Novo livro de António Jorge Gonçalves chega amanhã às livrarias!



Amanhã, dia 11 de Março, chega às livrarias o novo livro de António Jorge Gonçalves (autor da Trilogia de Filipe Seems, por exemplo), intitulado O Tempo do Cão, para o qual faz dupla criativa com o escritor Ondjaki, que assegura o argumento da obra.

Editada pela Caminho - uma chancela do Grupo LeYa - a obra já se encontra em pré-venda no site da editora, mas deverá estar disponível nas livrarias a partir de amanhã.
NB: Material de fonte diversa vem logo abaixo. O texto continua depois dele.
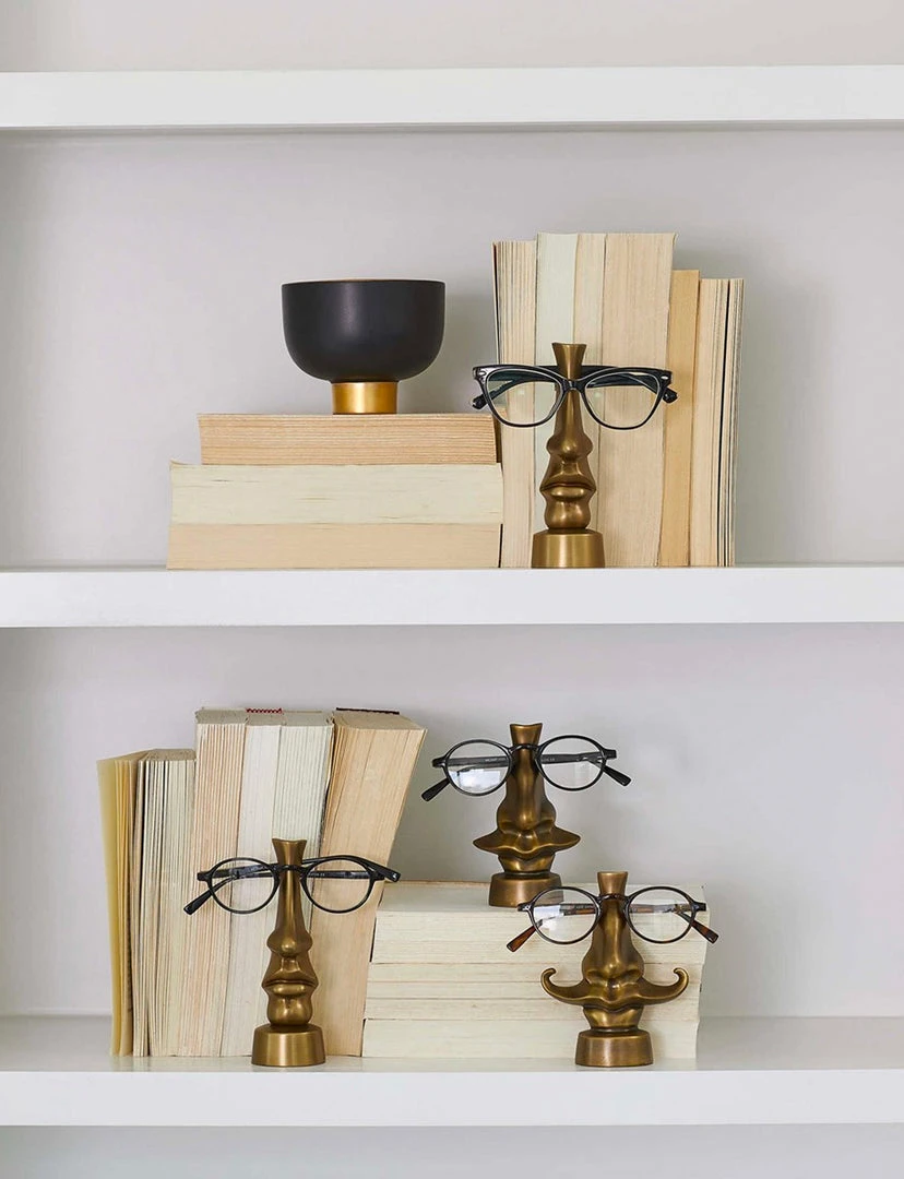 Even if you don’t need glasses you will want to get a pair to display them on our The Eyes Have It sculpture. Sculpture holds most size eyeglasses. Made of solid brass with a light antique lacquer finish.
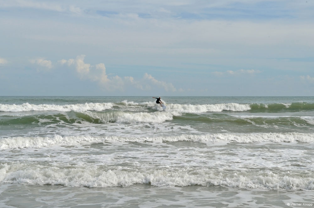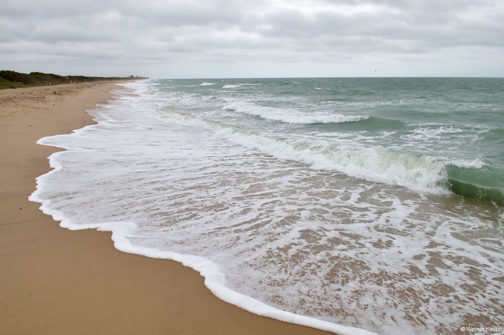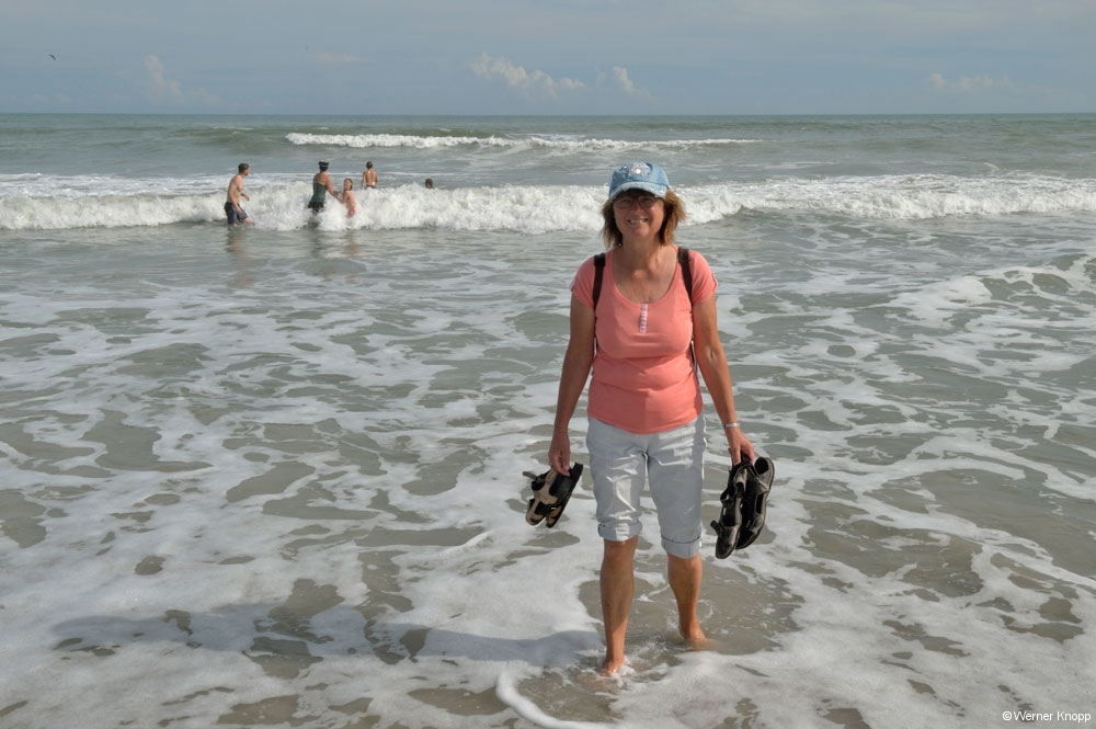 Im Park angekommen erfahren wir, dass der Platz zum Teil unter Wasser steht, das nicht abläuft… Wir hatten den Platz am Vortrag gebucht, also schauten wir uns das Ganze erst einmal an. Mit Schwung fuhr Werner die Wasserstraße entlang. 😉 Siehe da: Auf unserem Platz stand auch Wasser, aber nur zum Teil, puh! Wir nahmen´s gelassen, die Hauptsache der Stromumwandler steht im Trockenen! 😉 Unser Wohnmobil stand mit Blick auf das Meer, wir wanderten durch das warme Wasser und stellten unsere Stühle an den Strand und lasen. Die Sonne kam sogar ein wenig heraus, so gefiel es auch mir 😉 …

Haverá ainda algumas datas para o lançamento oficial do livro que podem ser encontradas mais abaixo.

Mais abaixo, deixo-vos com a nota de imprensa da obra e com algumas imagens promocionais.
O Tempo do Cão, de Ondjaki e António Jorge Gonçalves

O Tempo do Cão é uma magnífica novela gráfica da dupla de premiados António Jorge Gonçalves (ilustração) e Ondjaki (texto) e chega às livrarias a 11 de março.

A novela gráfica para todas as idades “O Tempo do Cão” junta os consagrados António Jorge Gonçalves (ilustração) e Ondjaki (texto) e, em março, será apresentado no dia 16 (domingo), às 16h00, na Hipopómatos da Lua, no Jardim da Biblioteca Municipal de Sintra e no dia 24 (segunda-feira), às 18h30, na Livraria Arquivo, em Leiria.

«…há um lago enorme, onde, à noite, um cão adormece com saudades de um guerrilheiro.»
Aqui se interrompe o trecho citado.